If you’re in the trucking business and have freight invoices to factor in, chances are you’ve heard of freight factoring. The factoring companies are an asset to the freight industry. Factoring is a service that allows truckers to have cash flow and focus on business operations instead of worrying about their invoices and waiting for customer payments.
Factoring does not require upfront costs or credit checks like traditional financing methods. You can increase your cash flow by purchasing your freight invoices and collecting outstanding invoices. We will help you understand what factoring is and how it works by providing definitions of the term, how to research companies that may be a good fit for you, and an overview of your legal rights.
1. What is Freight Factoring?
To understand, it’s essential to understand what the term implies. It is a type of business financing where the trucking company or owner sells their invoices to an outside company in exchange for cash.
This means that the trucking company has its invoice sold for dollars or some other currency to use as much of your invoice as possible by paying out less than the actual value of your invoice. In turn, the factoring company then returns the trucking company with that billing amount.
2. How Does Factoring Function?
The factoring companies work with both trucking companies and consumer manufacturers to collect their outstanding invoices and pay out the cash to the trucking companies. They buy your invoices by paying slightly more than each invoice is worth, and all of these transactions are tracked on a central database.
The trucker’s invoices are sent to a factoring company working with banks, brokerages, or other financial firms. The trucking company notifies its factoring company of the amount of money it owes for freight invoices. The trucking company receives cash as soon as possible to pay off the invoices.
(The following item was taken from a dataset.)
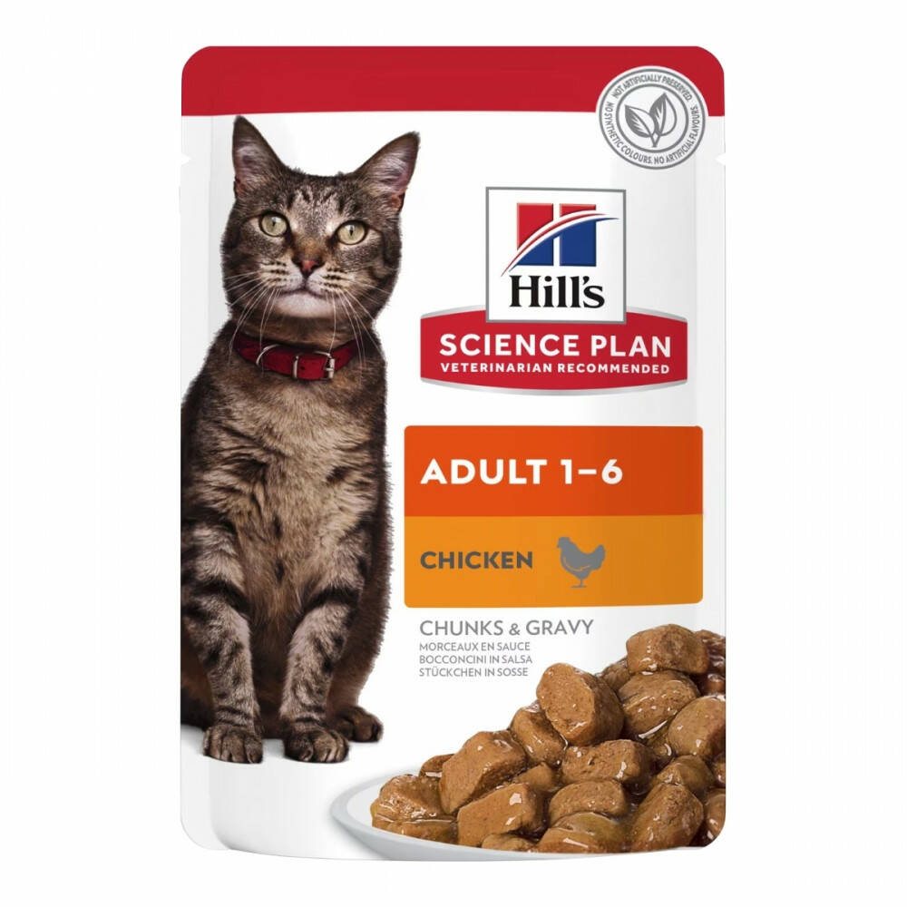 Вологий корм для котів Hill's Science Plan Adult – смаковиті шматочки в соусі, ретельно збалансоване харчування для дорослих котів. Виготовлене з високоякісних і легкозасвоюваних інгредієнтів і спеціально розроблене для задоволення потреб у енергії котів саме в розквіті сил.

3. Freight Factoring Pros and Cons
Factoring is a service that provides many advantages to trucking companies. The factoring companies offer the truckers cash immediately, so the trucker doesn’t have to wait for payment from their customers. The factoring company also ensures that the truckers will make money by getting extra paid on their invoices above and beyond what they are worth when it’s sold.
However, the factoring companies usually only buy invoices once they become overdue or have a balance not being paid. The invoices must also be payable within 90 days or less of being sold. In addition, you’re responsible for any late fees that the invoice may incur on top of the factoring company’s buying price.
Factoring is a great way to manage your business’s finances by increasing your cash flow and reducing the time you wait for your client’s payments. Factoring companies can be a beneficial resource to small trucking companies because they provide the service at no cost, and you’re not required to deal with any credit checks.